Marc secoua la tête.

—Oui, dit-il; quand cet homme m’a raconté ce qui s’était passé, j’ai compris tout de suite que vous vouliez rendre la liberté à... ELLE..., et que, pour cela, vous aviez fait le sacrifice de votre vie. Mais, avez-vous bien vu le résultat? Si votre adversaire vous tue, ELLE reste à sa discrétion, avec la douleur de vous avoir perdu; si vous le tuez, cette mort même qui la délivre la sépare de vous à jamais.

—Je le sais, je le sais! s’écria Marcel; mais que pouvais-je faire? Fallait-il donc la laisser au pouvoir de cet homme, demeurer moi-même sous sa menace, et recevoir de lui le droit de vivre comme une aumône! Ah! je ne me suis point senti la force d’accepter, pour tous deux, cette honteuse servitude: mieux vaut un malheur connu, et dont on voit la limite; mieux vaut mille fois la mort!

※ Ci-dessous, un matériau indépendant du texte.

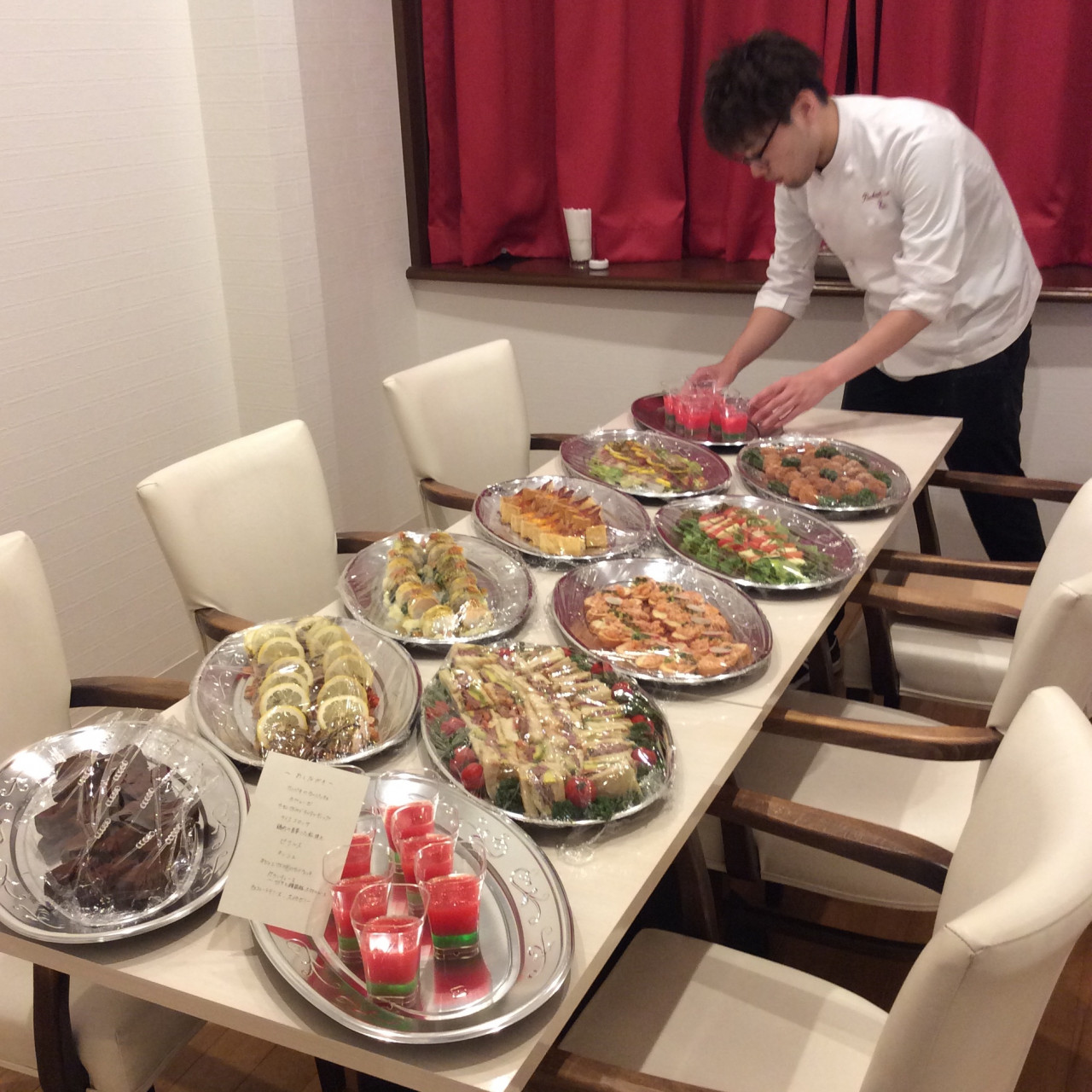 ケータリング承ります 2019/08/09 こんばんはエルコレです! ケータリング承ります! こちらの写真は 1人あたり4,000円で 14人前となります。 料理は3万円から受け付けております。 場所により配達も致しますので 是非ご利用ください!

—Aussi ne suis-je pas venu pour vous proposer de rester sous le joug de M. de Luxeuil, dit Marc; non, qu’il vous tue plutôt, et que madame Honorine meure!... Mais il y a peut-être un autre moyen.

—Lequel?

Le chouan ne répondit pas sur-le-champ; il était tombé dans une sorte de rêverie; enfin il reprit tout à coup en regardant de Gausson:

—Si elle était votre femme... êtes-vous sûr de la rendre heureuse? demanda-t-il.

—Pourquoi cette question? dit Marcel.

—Répondez-moi, reprit-il avec instance; mais en regardant bien dans votre cœur. Je ne vous demande pas si vous l’aimez comme on peut aimer beaucoup de femmes... mais assez pour n’avoir pas d’autre désir sur la terre que de la voir contente de vivre, assez pour vous consoler de tout quand elle sourit... même du mépris...; assez pour vous sacrifier à un autre qu’elle aimerait, et pour dire: C’est bien! Si ce n’est pas ainsi que vous l’aimez, c’est trop peu, et vous pouvez vivre sans elle.

—Vous-même avez pu vous assurer du contraire, fit observer de Gausson, étonné de l’exaltation du chouan.